The alkaline earth metal is calcium or magnesium. Sodium is the preferred alkali metal.
Mixtures of metals can also be used. Preferred detergent components are from 9 to 80, preferably 16 per alkyl group or alkyl-substituted aromatic moiety having 3 to 70 carbon atoms.
It has a hydrocarbyl group containing an alkaryl group having up to 60 carbon atoms. Preferred anions of the detergent are
Sulfonates, phenates, sulfated phenates and mixtures thereof. The sulphonates can be prepared from sulphonic acids, which are typically sulphonated alkylated aromatic hydrocarbons, such as those obtained by fractionation of petroleum or obtained by alkylation of aromatic hydrocarbons. Is typically obtained by Examples are benzene, toluene, xylene, naphthalene,
Includes those obtained by alkylating diphenyl or its halogen derivatives such as chlorobenzene, chlorotoluene and chloronaphthalene.

The basicity of the detergent of the present invention is preferably expressed as the total number of bases (TBN). The total base number is the amount of acid required to neutralize all bases of the overbased material. The amount of the acid is expressed in equivalents of potassium hydroxide.
The TBN can be measured according to ASTM D-2896. Preferred substances according to the invention have a TBN of at least 150, preferably 450 or more. Particularly preferred are 150-
Calcium sulphonate, calcium carboxylate having a TBN in the range of 450, such as naphthenate, calcium phenate and calcium sulfated phenate.

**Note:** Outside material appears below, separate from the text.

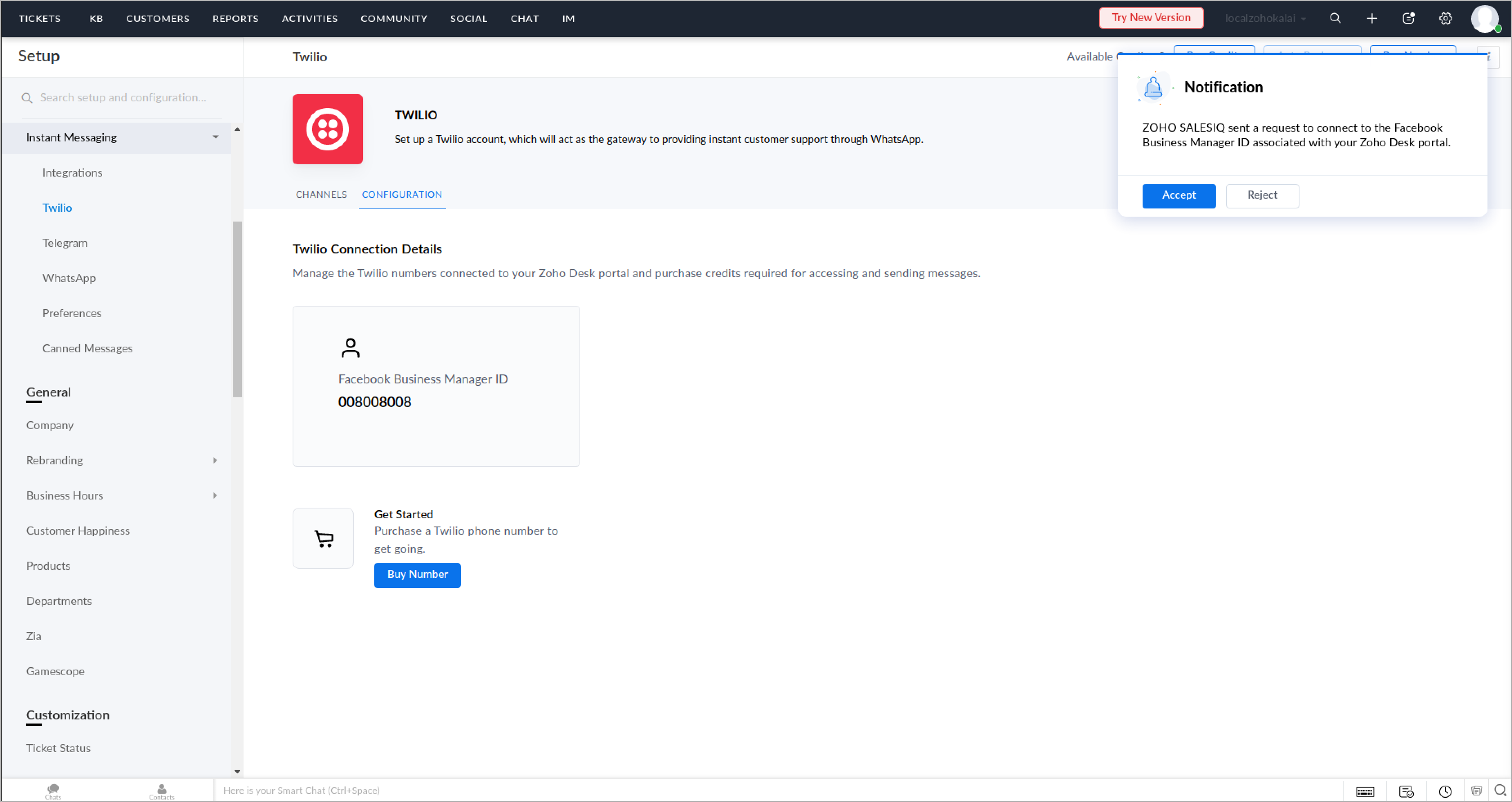 Twilioを通じてWhatsAppと連携する機能については、有効化の新規申請の受け付けは現在行われていません。代わりに、Zoho SalesIQとWhatsAppを直接連携する機能が開発中で、ベータ版が提供されています。なお、Twilioを通じてWhatsAppと連携する既存の機能を利用している場合は、そのまま利用できます。

Although the detergents of the present invention do not exclude the presence of known overbased metal detergents, acceptable performance can usually be achieved without the need for such additional detergents.

As indicated above, commercial lubricants need to include a substantial range of additives, each serving to meet the stringent requirements of today's lubricants.
One of the most important of these is an ash-free dispersant, which must be present to keep the solid and liquid impurities formed during the useful life of the lubricant in suspension . The combination of this ash-free dispersant with other lubricity additives, especially the detergents, creates even more serious interaction problems. As a further advantage of the cleaning agents of the present invention, in some dispersant and cleaning agent combinations, the degree of this detrimental interaction is less than when using conventional overbased cleaning agents. And was observed to be reduced. This is because when the dispersant has a large number average molecular weight (Mn), for example, the Mn of the dispersant is at least
It is particularly pronounced when it is less than 1500, preferably at least 2500, more preferably at least 3000 and less than 10,000. As mentioned above, the cleaning agent of the present invention, after all,
In end use, it will be present in diluted form, in combination with the oil, which has a lubricating viscosity that protects and improves. For convenience in handling and transport, the cleaning agents of the present invention can also be present in a concentrated form in a diluent (or carrier oil), wherein the diluent is the same as the oil to be protected. May be something.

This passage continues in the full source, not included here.